80 - **down_global** — `curl -v https://shithub.sh/` from your
81 laptop. Caddy log: `ssh root@shithub.sh 'tail -100
82 /var/log/caddy/access.log | jq .'`. shithubd journal:
83 `journalctl -u shithubd-web -n 100`.
84 - **ssl_expiry** — `ssh root@shithub.sh 'systemctl status caddy;
85 journalctl -u caddy -n 200 | grep -iE "renew|cert"'`. Most
86 likely cause: rate-limited by Let's Encrypt or DNS
87 misconfiguration after a CNAME change.

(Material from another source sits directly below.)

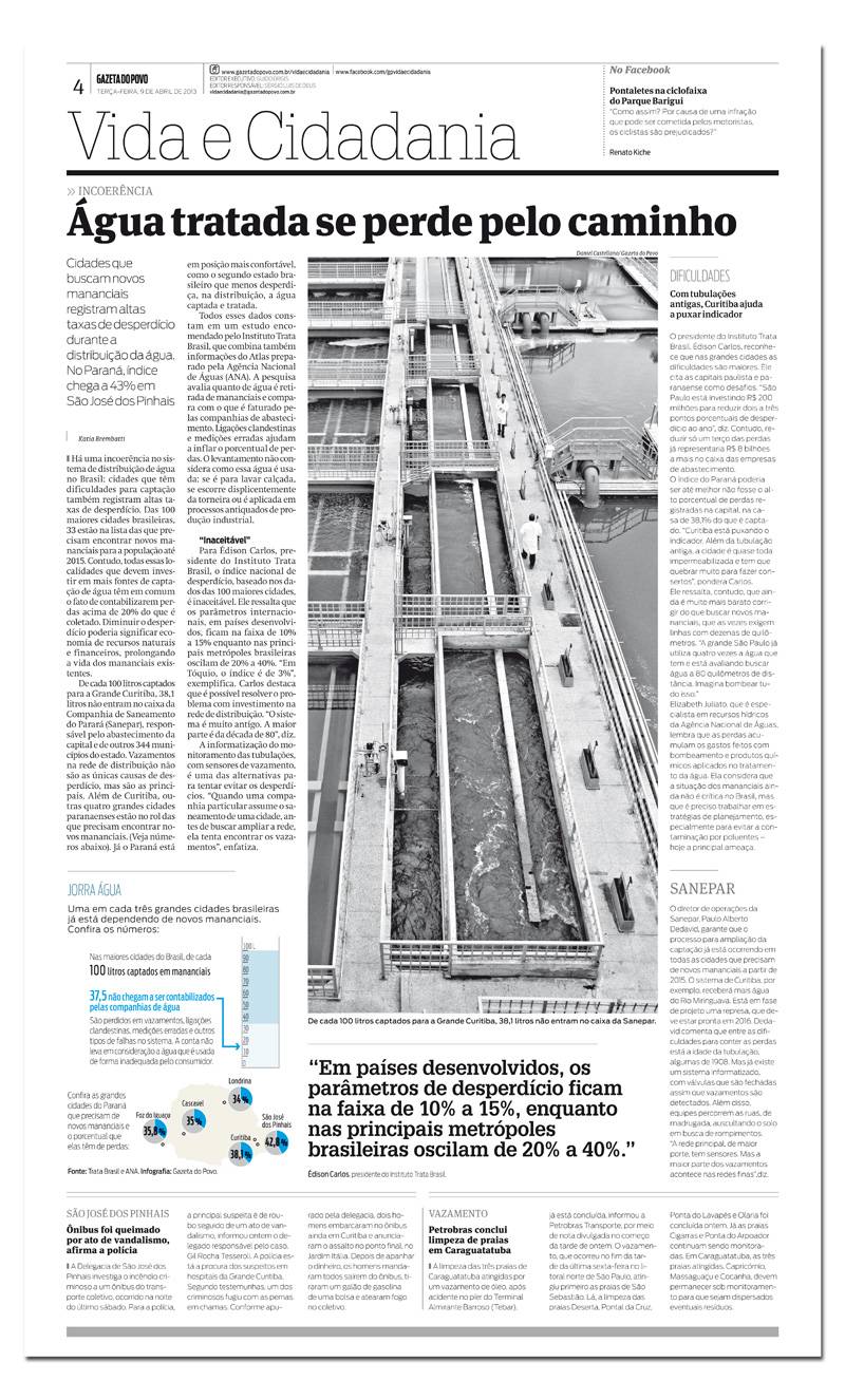 Uma composição simples que valoriza todos os elementos sem que a diagramação seja perceptível para o observador comum. Neste exemplo, o texto de Katia Brembatti, sobre a redução da vida útil dos manancias por conta do desperdício de água, está fluindo tranquilamente, sem interrupções e emoldurando a bela foto de Daniel Castellano. Todos os elementos gráficos estão colocados de forma harmônica, alinhados por um grid invisível que o leitor não vê mas que tornam a leitura mais tranquila.

88 - **latency p95 > 2s** — could be slow-query regressions, a
89 wedged worker, or Caddy reverse-proxy timeouts. Start with
90 `journalctl -u shithubd-web -n 200 | grep duration | sort -k1
91 -nr | head`.
92
93 ## Editing thresholds
94
95 Change in `deploy/cutover/provision-do-alerts.sh`, then either:
96
97 1. Delete the existing alert via `doctl monitoring alert delete
98 <uuid>` and re-run the provision script (it'll create the new
99 one), OR
100 2. Edit in place: `doctl monitoring alert update <uuid> --value
101 <new>`.
102
103 For uptime alerts: `doctl monitoring uptime alert update
104 <check-id> <alert-id> ...`. (CLI bug: uptime check `update`
105 strips `--enabled`; if you mutate uptime properties, delete +
106 recreate via the script.)
107
108 ## What's NOT here
109
110 - **shithubd-internal metrics** (request latency p95, DB pool
111 saturation, job queue depth, throttle rejections, archive
112 failures from Postgres). Those need a Prometheus scrape of
113 `127.0.0.1:8080/metrics` plus a Grafana Cloud free-tier — see
114 task #263 / `runbooks/observability.md` (TBD).
115 - **Slack delivery.** Today everything emails. The DO API supports
116 Slack webhooks; add `--slack-channels` + `--slack-urls` to the
117 provision script when there's a destination.
118 - **Pagerduty.** Same — DO supports webhook destinations.